Reactions: Informative 2


----------



## Dennis Ford (May 6, 2016)

My experience with oak is that it is unforgiving when doing twice turned bowls. When the wood is clear of knots, turned to 10% thickness and dried carefully; I get decent rate of success. Any knots or too close to the pith or turned too thick and it cracks. Turned too thin and it warps so much that it can not be turned round again. When it is right, makes attractive bowls.


----------



## Corjack (May 6, 2016)

I am going to rough out this tree, and see what happens before I cut a bunch more of it.


----------



## Tony (May 7, 2016)

Thanks for taking to time to explain that process Ron, very informative. Tony


----------



## Mike Mills (May 7, 2016)

Corjack said:


> I have a Oneway Talon, and the Super Nova. Not a big fan of the Nova chuck. Friggin bassackward thing.

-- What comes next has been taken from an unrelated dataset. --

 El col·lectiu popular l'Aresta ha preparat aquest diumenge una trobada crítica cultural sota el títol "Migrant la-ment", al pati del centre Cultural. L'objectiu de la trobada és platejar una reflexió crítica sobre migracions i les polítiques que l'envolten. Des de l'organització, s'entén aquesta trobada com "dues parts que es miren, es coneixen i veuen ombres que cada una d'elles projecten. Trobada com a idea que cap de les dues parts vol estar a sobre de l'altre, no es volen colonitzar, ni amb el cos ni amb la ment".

You do realize that if you use the Oneway for tenons and the Nova for recesses then they will both be righty-tighty.


----------



## Corjack (May 7, 2016)

That would be great if I ever did any recesses. However it is still just a backwards PITA.

Reactions: Agree 1


----------



## GeorgeS (May 10, 2016)

@Corjack What coring system are you using sir? Sorry in advance if I missed it above.


----------



## Corjack (May 10, 2016)

It is a woodcut bowlsaver.


----------



## GeorgeS (May 10, 2016)

Thank you sir!


----------